== DATA IN THIS EXERCISE ==

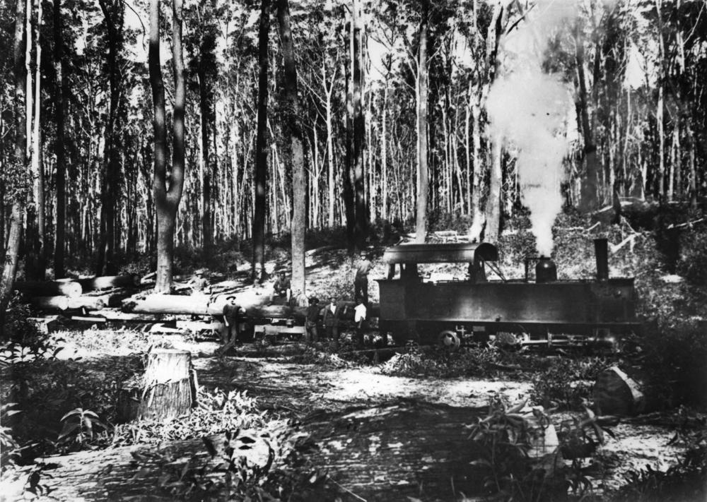 McKenzie's Tramway Locomotive, Fraser Island, Queensland, ca. 1920. This steam locomotive was purchased from the Queensland Goverment Railways. It was used to construct the Townsville Jetty and subsequently in shunting at Townsville. McKenzie operated on Fraser Island from 1919 to 1925. (Description supplied with photograph.).
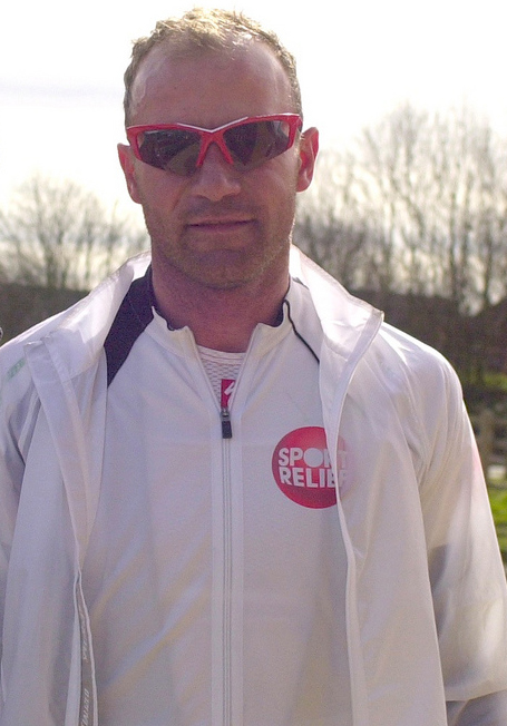 Alan Shearer in Banbury during a break from a marathon cycle mission.
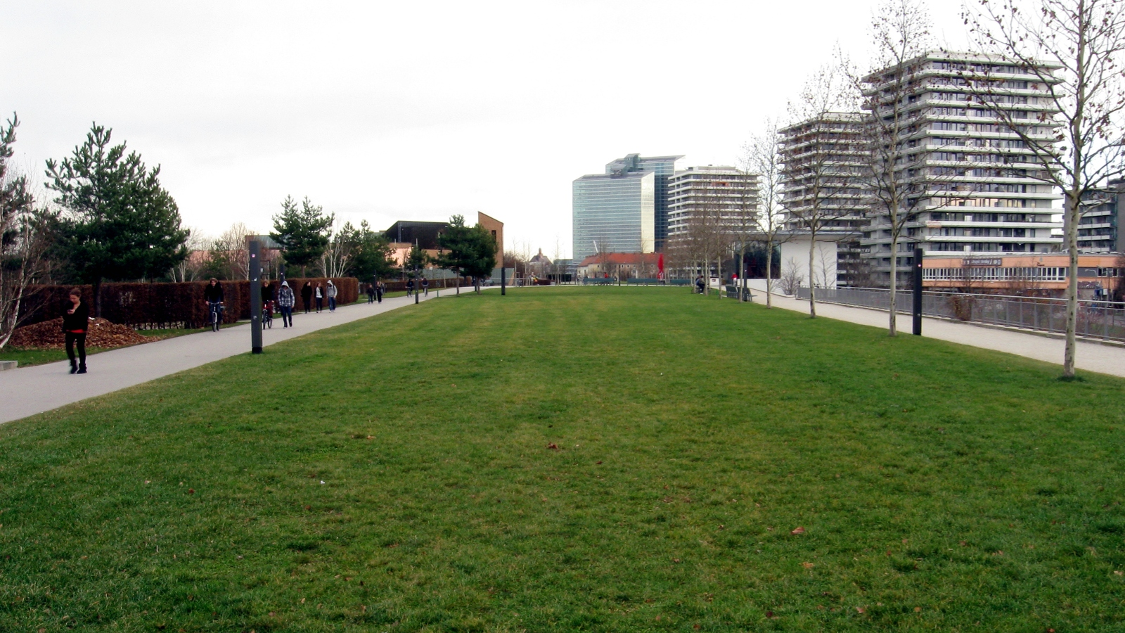 Petuelpark in Munich (Bavarian, Germany) near “Platz an der Pfennigparade” view eastwards
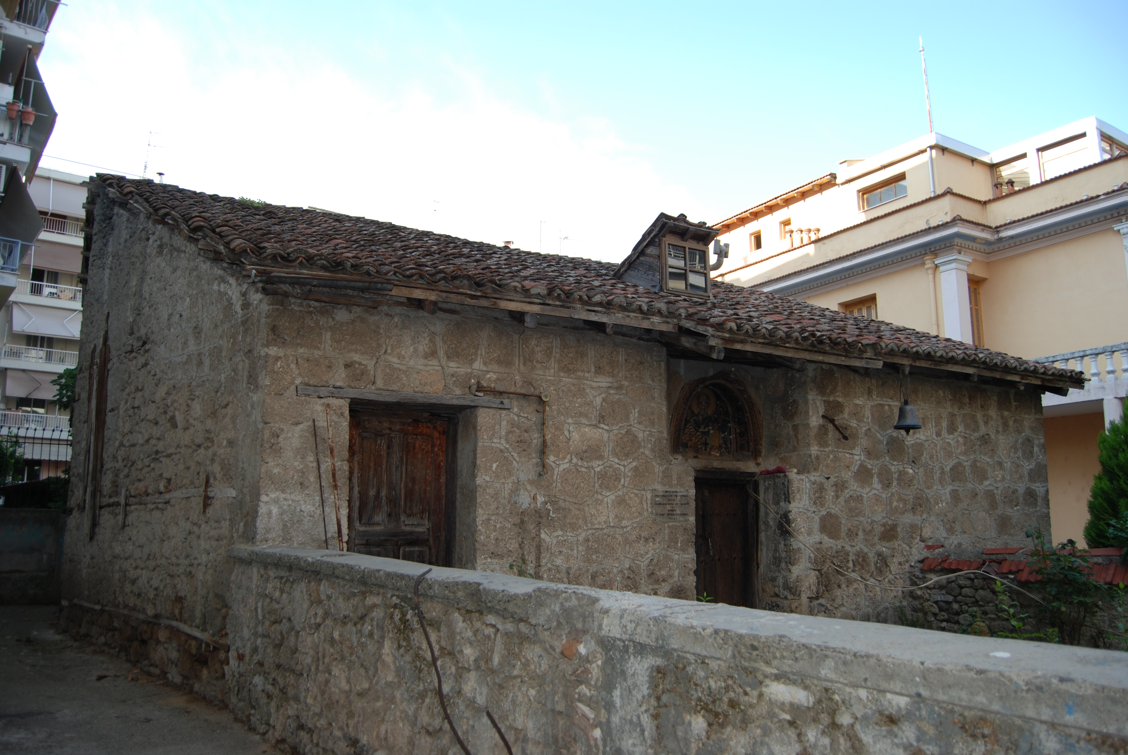 St. Nikolaos Dolen
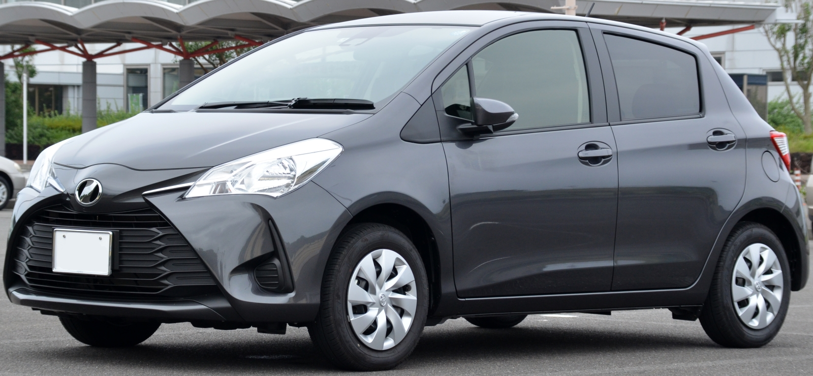 Toyota Vitz 1.0F
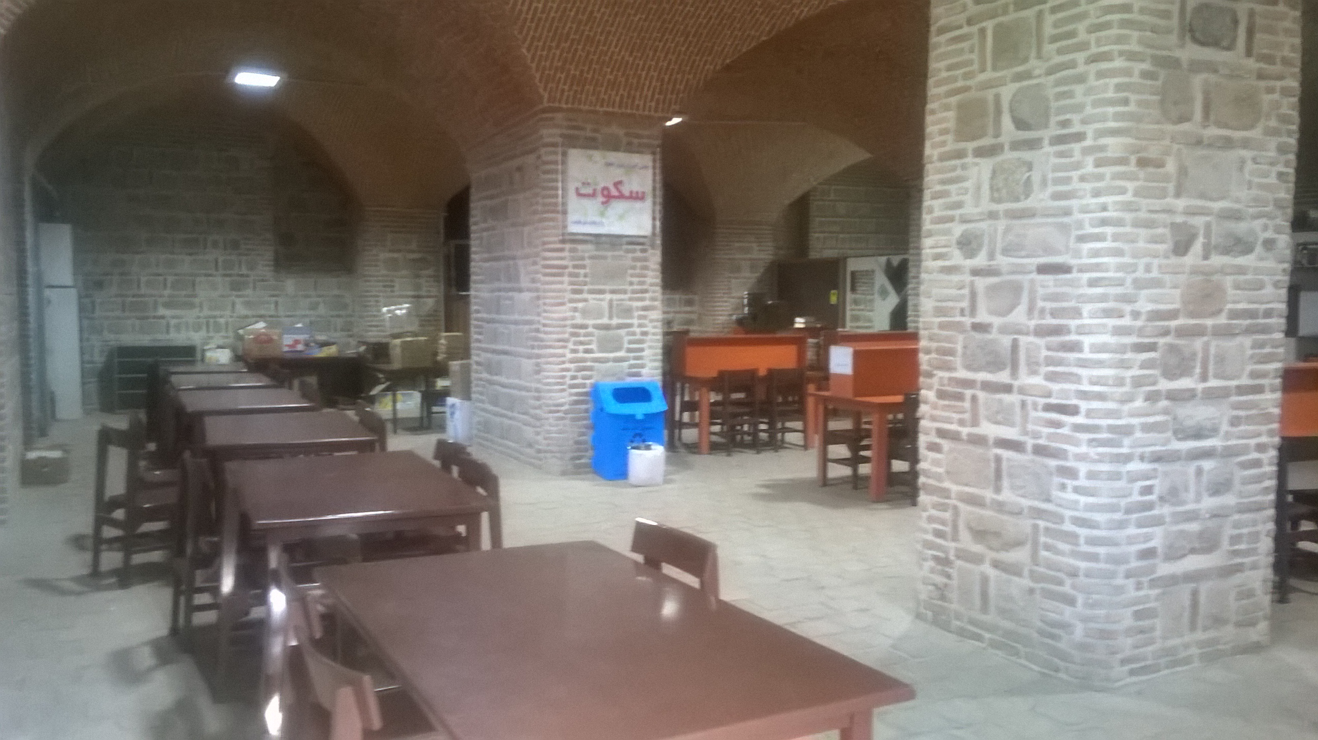 Library of Ferdosy High School
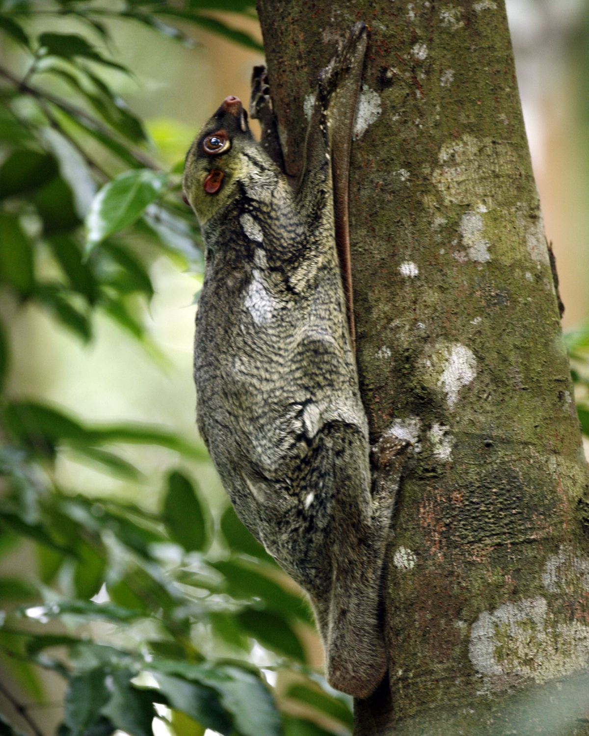 A colugo (Galeopterus variegatus, adult female), seen in the Central Catchment Nature Reserve, Singapore. Order: DERMOPTERA Family: Cynocephalidae Species: Galeopterus (or Cynocephalus) variegatus Colugos are arboreal gliding mammals found in Southeast Asia. There are just two species each in its own genus, which makes up the entire family Cynocephalidae and order Dermoptera. Though they are the most capable of all mammal gliders, they cannot actually fly. They are also known as cobegos or as flying lemurs (misleadingly, since they are not lemurs and cannot fly).
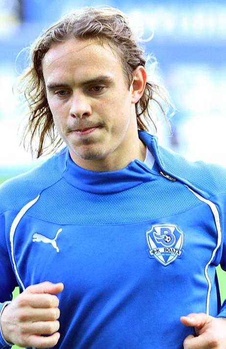 Andrei Eshchenko with FC Volga Nizhny Novgorod.
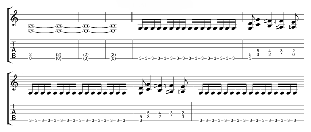 First solo form Vader song "Choices" by Maurycy Stefanowicz

===

§ **ABOUT THIS TASK**: In the copy, no picture may appear; the records themselves must be output exactly.

§ **RESULT**:
 McKenzie's Tramway Locomotive, Fraser Island, Queensland, ca. 1920. This steam locomotive was purchased from the Queensland Goverment Railways. It was used to construct the Townsville Jetty and subsequently in shunting at Townsville. McKenzie operated on Fraser Island from 1919 to 1925. (Description supplied with photograph.).
 Alan Shearer in Banbury during a break from a marathon cycle mission.
 Petuelpark in Munich (Bavarian, Germany) near “Platz an der Pfennigparade” view eastwards
 St. Nikolaos Dolen
 Toyota Vitz 1.0F
 Library of Ferdosy High School
 A colugo (Galeopterus variegatus, adult female), seen in the Central Catchment Nature Reserve, Singapore. Order: DERMOPTERA Family: Cynocephalidae Species: Galeopterus (or Cynocephalus) variegatus Colugos are arboreal gliding mammals found in Southeast Asia. There are just two species each in its own genus, which makes up the entire family Cynocephalidae and order Dermoptera. Though they are the most capable of all mammal gliders, they cannot actually fly. They are also known as cobegos or as flying lemurs (misleadingly, since they are not lemurs and cannot fly).
 Andrei Eshchenko with FC Volga Nizhny Novgorod.
 First solo form Vader song "Choices" by Maurycy Stefanowicz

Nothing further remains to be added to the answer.